Italy's universities have undergone their first comprehensive evaluation. Pictured are students at the University of Bologna, founded in 1088 ad and considered Europe's oldest. Credit: Silvia Morara/Corbis

Exam season is over for Italian universities, and the results are in. An ambitious evaluation exercise has ranked the country's universities and research institutes according to the quality of their scientific output. The data will be used to award extra funds to the best-ranking centres. But some critics say that the report's methodology is not reliable and may lead to distortions in budget allocation.

The National Agency for the Evaluation of the University System and Research (ANVUR) presented its first report in Rome on 16 July. The University of Padua stands out as the best large university overall, making the top spot in 7 out of 14 research areas. The University of Trento tops the ranking for medium ones, and the Scuola Superiore Sant'Anna in Pisa, an elite applied-science school, took the first place among small universities.

“There were no big surprises,” says ANVUR president Stefano Fantoni. “Italian universities have a good average scientific output, particularly in chemistry, physics and industrial engineering, but with great differences. Small universities work better than large ones, and the best ones are mostly in the north”.

ANVUR was established by a 2006 law with the goal of increasing meritocracy in Italian research, and was modelled after organizations and systems such as the French evaluation agency for research and higher education (Aeres) and the UK Research Excellence Framework (REF).

In November 2011, after five years of preparation, ANVUR embarked on an assessment of 95 universities, 21 research agencies or institutes, and 17 inter-university consortia. All faculty members and researchers were asked to submit a sample of their 'research products' from the period 2004–10: university employees had to provide three examples, and researchers with no teaching commitments had to give six.

Piece by piece

In addition to academic papers, accepted products included book chapters, patent applications, databases, conference proceedings and, for the humanities, works of art or exhibition projects.

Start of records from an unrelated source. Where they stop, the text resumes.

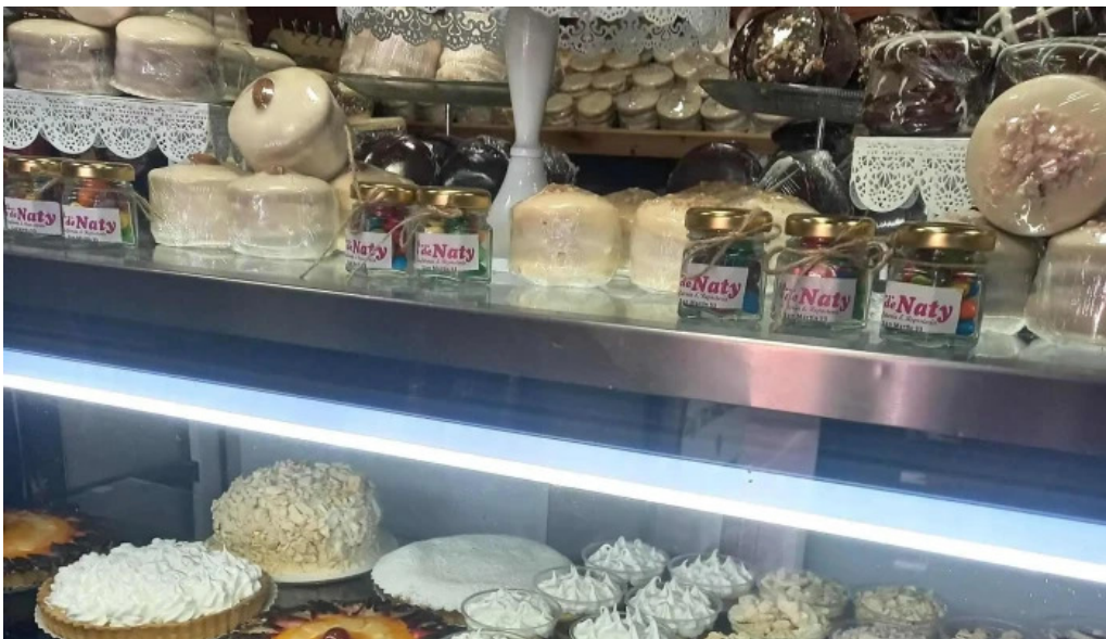
Lo de naty comentarios
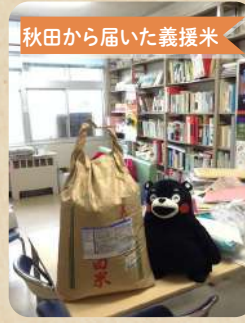
秋田から届いた義援米
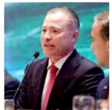
Quirino Ordaz confió en los buenos oficios del gobierno federal para apoyar al campo.

"Ahí es donde hay que apretar mucho, seguir enfocando las baterías y yo estoy cierto que, con los programas sociales, el apoyo que se le va a dar a esta actividad, vamos a superar estos rezagos que tenemos para que la población pase a un mejor nivel de vida", subrayó el mandatario sinaloense.
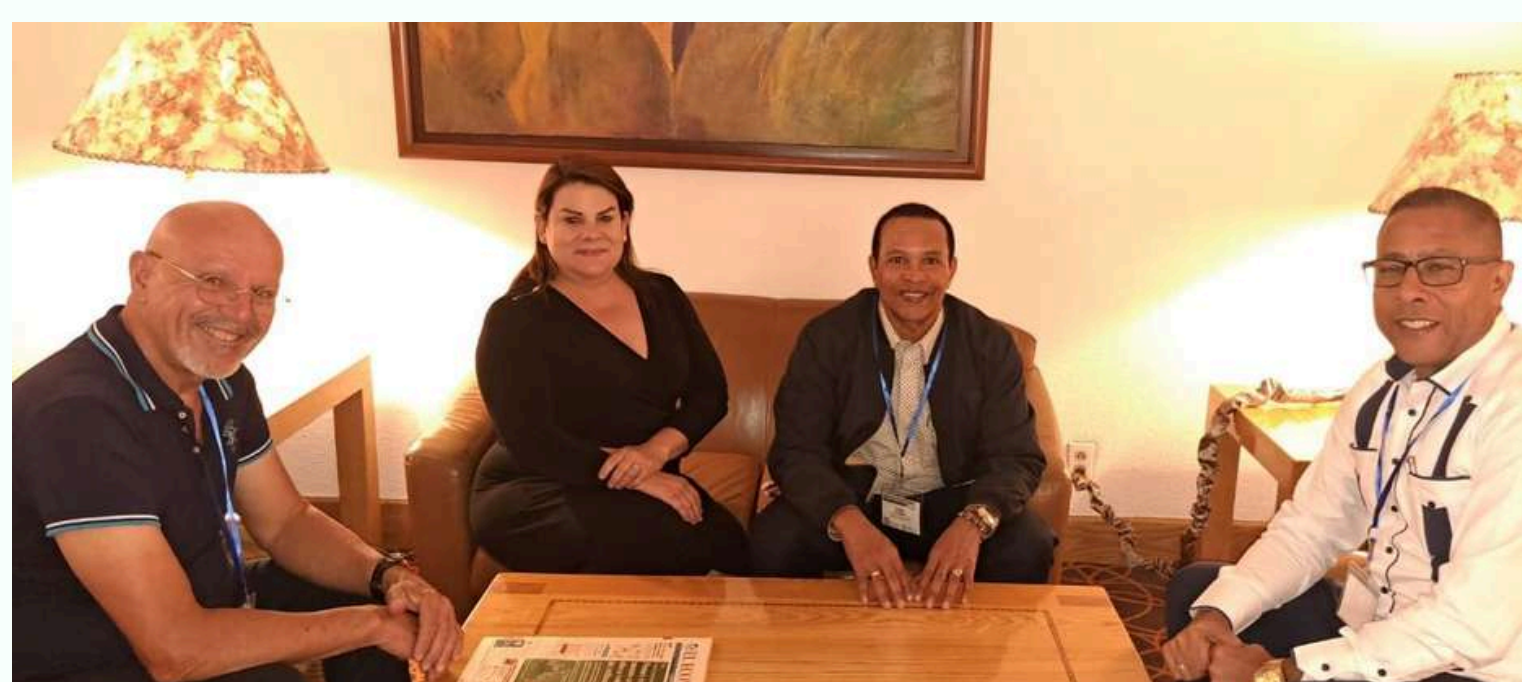
Consejo de Vigilancia CDV

En esta reunión se discutieron temas de relevancia en materia de género, enfocándose en la creación de entornos equitativos y la promoción de una participación integral igualitaria en todas las áreas del cooperativismo latinoamericano.
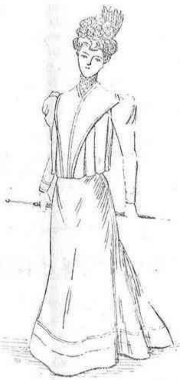
El último figurín

Precioso modelo de blusa suelta, con pliegues y cuello solapa en toda su extensión, llegando en su principio hasta los hombros. Confeccionése con tela de color muy claro. Esta blusa y la falda, acompañada y respuntada, son propias para el campo y para casa.
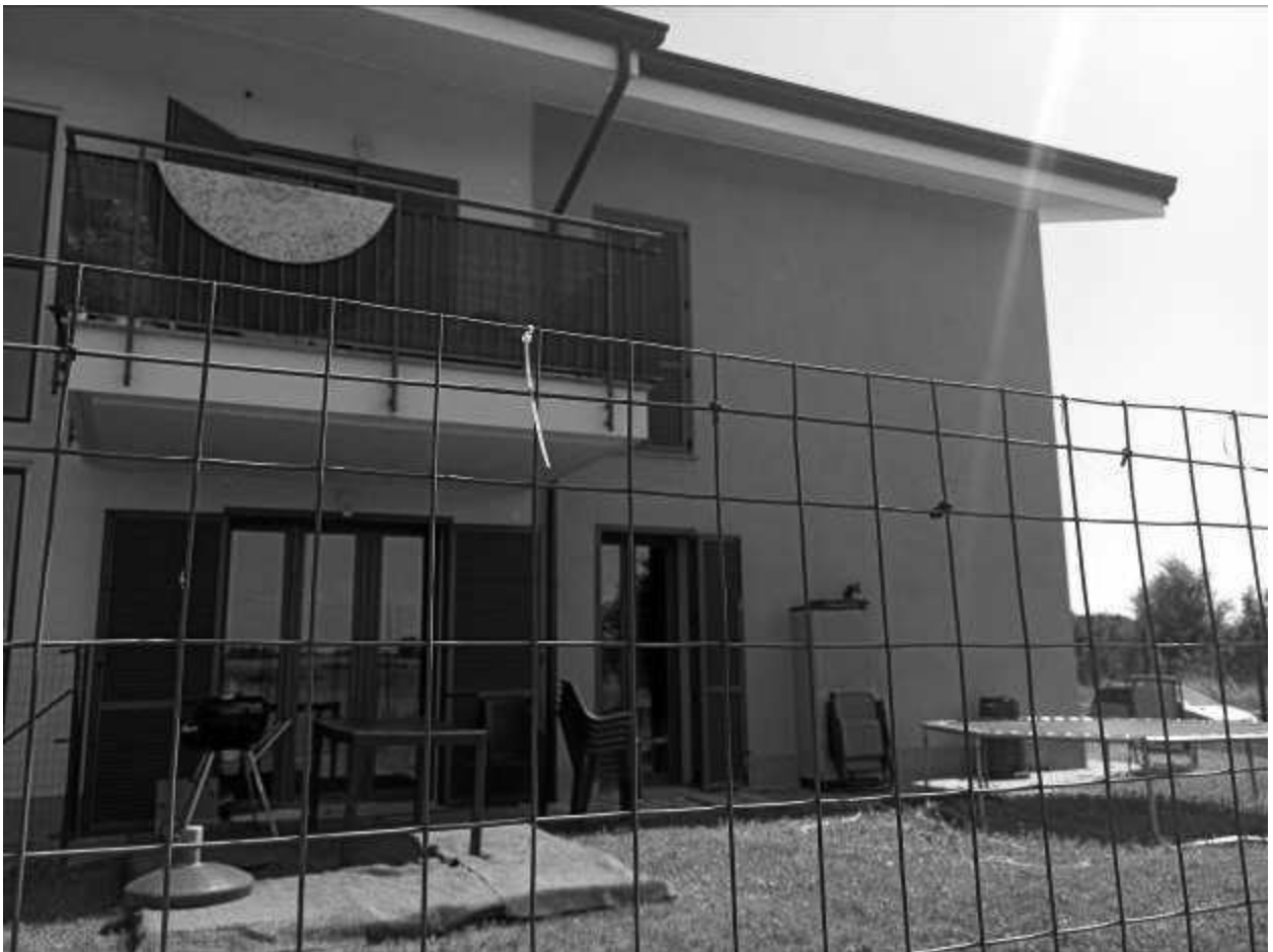
Prospetto lato Nord
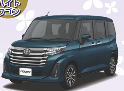
トヨタ ルーミー X 1,000cc 4WD CVT
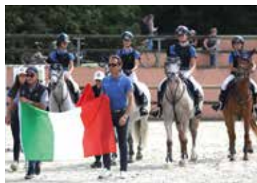
L'Italie remporte le Mondial des clubs
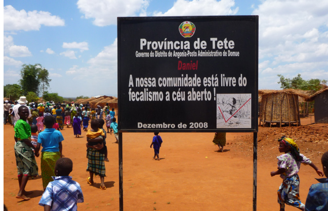
Gemeenschap in Mozambique die vrij van uitwerpselen is verklaard

Er wordt echter onvoldoende kennis verzameld over de effecten van interventies en over factoren die de kwaliteit en duurzaamheid van voorzieningen beïnvloeden. Hierbij wordt aangetekend dat de
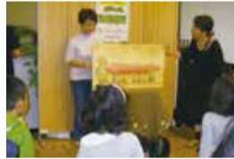
大型絵本の読み聞かせ
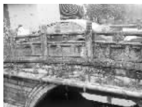
停在五龙桥上的车

桥确为文物保护单位,但这并不意味着桥上不能通行车辆,停放车辆不给桥身带来损伤的话,他们也无权干涉,但在路边停车涉及违停,他们将联合相关责任单位去现场了解情况后,再做进一步处理。
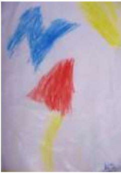
Şekil 15. A

Öğrenciler bu araştırmaya başlamadan önceki çalışmalarında zemin nesne ilişkisini algılayamıyor, farklı yüzeyleri farklı renklerle ifade edebilme, bütün yüzeyi tek renge boyama, boyarken sabırsız davranma gibi sorunlar yaşıyorlardı. Zamanla bu sorunların azaldığı görülmüştür. Konu kapsamında incelenen eserlerde figüratif çalışmalara ağırlık verilmesi öğrencilerin resimlerinde daha rahat figür çizmelerini sağlamıştır.
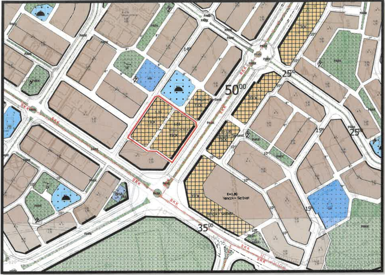
Şekil 2: Planlama Alanı Mevcut 1/1000 Uygulama İmar Plan
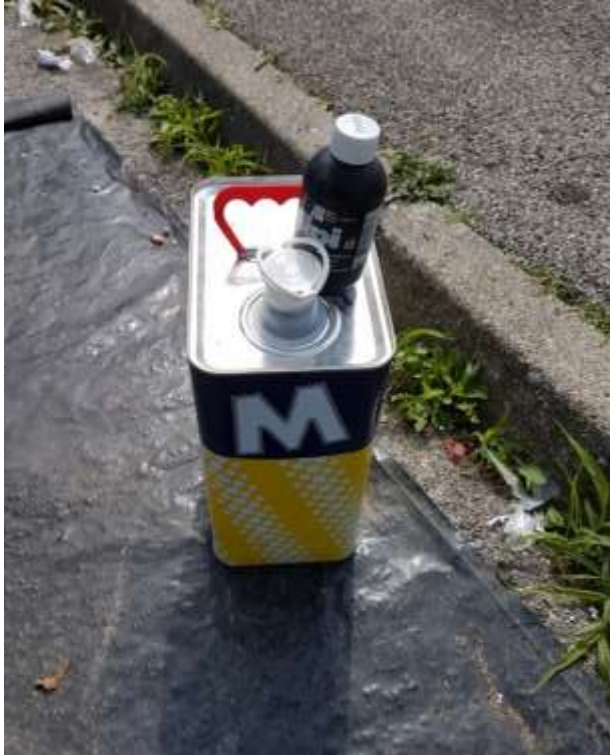
Slika 9: Barve in topila

Ugotovili smo, da velik del volumna (54%) odpadkov predstavlja mešana embalaža, ki se sicer zbira v ločenih zabojnikih. Med vsemi vrstami odpadkov so se nahajali tudi nekateri nevarni odpadki (npr. odpadna električna in elektronska oprema ter barve), ki nikakor ne sodijo med mešane komunalne odpadke. Tudi količina biološko razgradljivih odpadkov je nesprejemljiva, saj le ti znatno prispevajo k onesnaženosti drugih vrst odpadkov. Med biološko razgradljive odpadke smo izločili večje količine kruha, olupkov sadja in zelenjave, celo sadje in zelenjavo ter originalno predpakirano raznovrstno hrano.
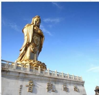
เกาะผู้ไถวซาน
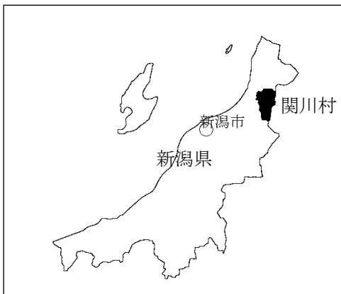
第 1 図表 関川村の位置
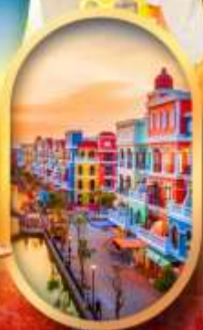
เวนิสแห่งเวียดนาม
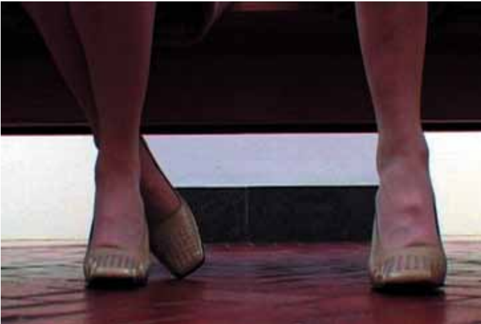
Brice Dellsperger, Body Double 15, 2001, Courtesy Galerie Air de Paris.
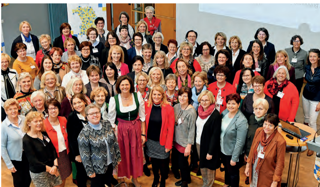
Landtagspräsidentin Ilse Aigner gemeinsam mit Bayerns Bürgermeisterinnen.
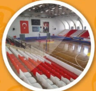
Kapalı Spor Salonu
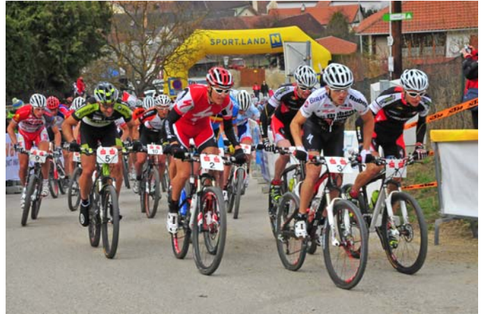
Unterhaltung und Sport ...
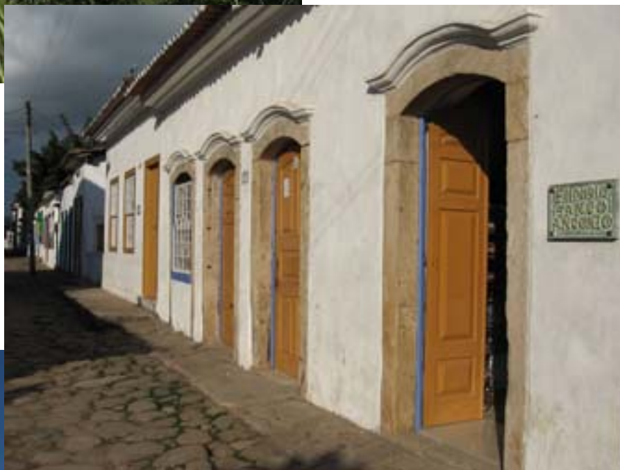
Kolonialne domy w Parati

Parati to niewielkie, ale sympatyczne miasteczko o kolonialnej architekturze. Doskonale zachowała się jego zażytkowa część. Powstanie Parati związane było z wybuchem gorączki złota w stanie Minas Gerais. Do miasta przywożono złoto i diamenty, transportowano je dalej do Rio de Janeiro, a także statkami do Portugalii. Gdy w 1822 roku Brazylia ogłosiła niepodległość, wstrzymano eksport złota. Ponadto wybudowano nową drogę z Rio de Janeiro do Sao Paulo omijającą Parati. Wówczas miasto straciło swoje znaczenie i zostało w pewnym sensie zapomniane. Ponowne ożywienie przyniósł boom kawowy w XIX wieku.
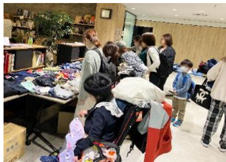
子ども服を選ぶ様子

サンシャインシティでは今後も引き続き、子ども服マーケットの開催や豊島区や地域に関わる企業との連携等を通して、地域の方々とともにまだ着られる子ども服を必要とされる場所へお届けする活動をしてまいります！
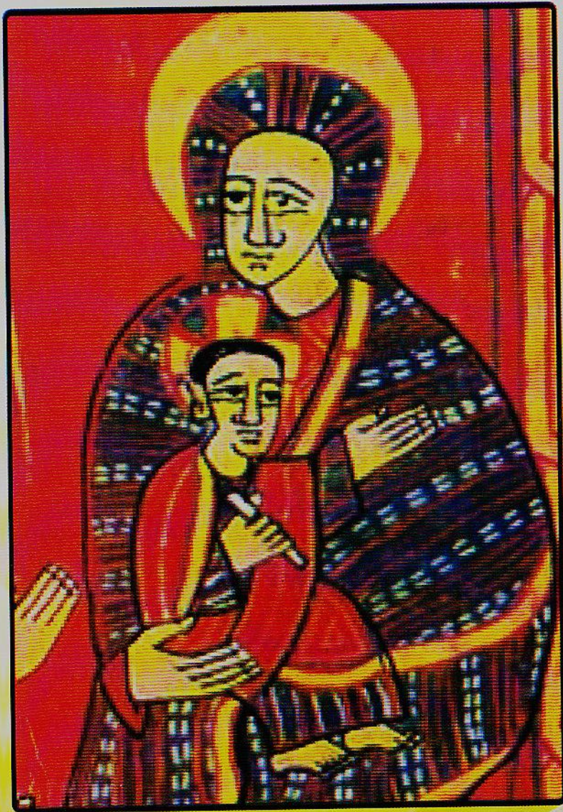
ምስለ ፍቁር ወልዳ በግሸን ደብረ ክርቤ ቅድስት ማርያም ብቻ ከሚገኘው ከመጽሐፈ ጤፋት የተወሰደ የ15ኛው መቶ ክፍለ ዘመን ሥዕል
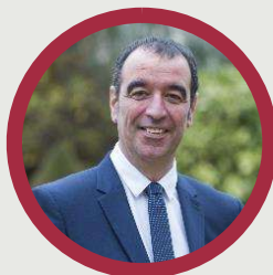
Eric Bothorel Député
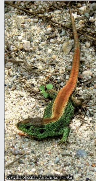
Ještěrka obecná / Jaszczurka zwinła
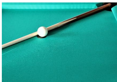
1. kij bilardowy –

Zad. 5 Podpisz poniższe ilustracje w języku angielskim przedstawiające sprzęt sportowy .
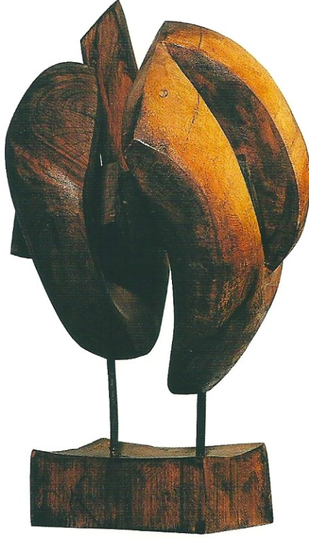
"İkili Özgürlük", 2002, 63 x 36 x 40 cm, ceviz ağacı
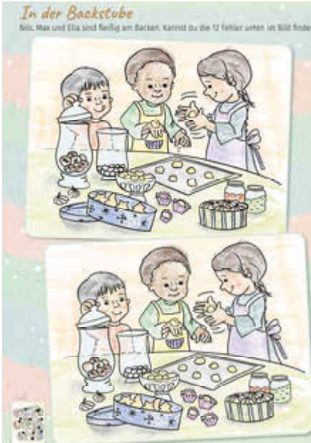
Rätsel: In Gemeindedruckerei

The agency received a total of almost 185,000 such items, which were then evaluated by 450 experts divided into 14 groups corresponding to different research areas.

Each group chose its own methodology, using both bibliometrics (a quantitative analysis of the impact of journal papers) and peer review — with the help of about 14,000 external reviewers, of whom more than 4,000 were from outside Italy. “Bibliometrics was prevalent in hard sciences, life sciences and engineering, whereas for social sciences and humanities only peer review was used,” says Sergio Benedetto, a telecommunications specialist formerly at the Polytechnic University of Turin who led the evaluation process for ANVUR.

Data were then distilled into scores assigned to individual institutes. Rankings for large, medium and small universities were made in each research area, with separate rankings for research agencies and consortia.

There were some surprises among the rankings of the largest research agencies. Italy's main scientific body, the National Research Council (CNR), ranked well below the National Institute of Geophysics and Volcanology (INGV), the National Institute of Nuclear Physics (INFN) and the National Institute for Astrophysics (INAF) in terms of overall quality. Benedetto explained at the presentation that this was because the CNR had submitted significantly fewer products than requested. But CNR president Luigi Nicolais said that his agency is not involved solely in research: it also oversees other concerns, such as technology transfer, which ANVUR failed to recognize.

Statistical error?

ANVUR's methodology was also criticized by a group of researchers and professors who for months have been voicing their concerns on a website called ROARS (Return on Academic Research). Giuseppe De Nicolao, a data analyst at the University of Pavia and a ROARS contributor, says, “Bibliometrics may be useful for large-scale statistics at the level of whole countries or large research institutes, but not for automatic evaluation of papers.”

Benedetto disagrees. “We were not so naive. We combined different bibliometrics systems, using both Journal Impact Factor and citation indexes, and resorting to peer review whenever their results were not consistent.” He notes that peer review is also being criticized widely for being unreliable, and that using it alone would be too costly and time consuming.

ANVUR data on universities will be used by Italy's education and research ministry to award about €540 million (US$711 million) in 'prize funds', part of the government's 2013 university budget. But the exact criteria for translating ANVUR rankings into shares of those funds are still being worked out, a spokesperson for the ministry told Nature.

It is unclear what effect the evaluation will have for research agencies and other institutes. Research minister Maria Chiara Carrozza said that such organizations may receive a limited amount of prize funds on the basis of ANVUR data, but that a further re-analysis is needed to make sure the data “take into account the great differences among these institutes”. The ANVUR rankings may play a part in a continuing debate about the possibility of merging some of those institutes to save costs.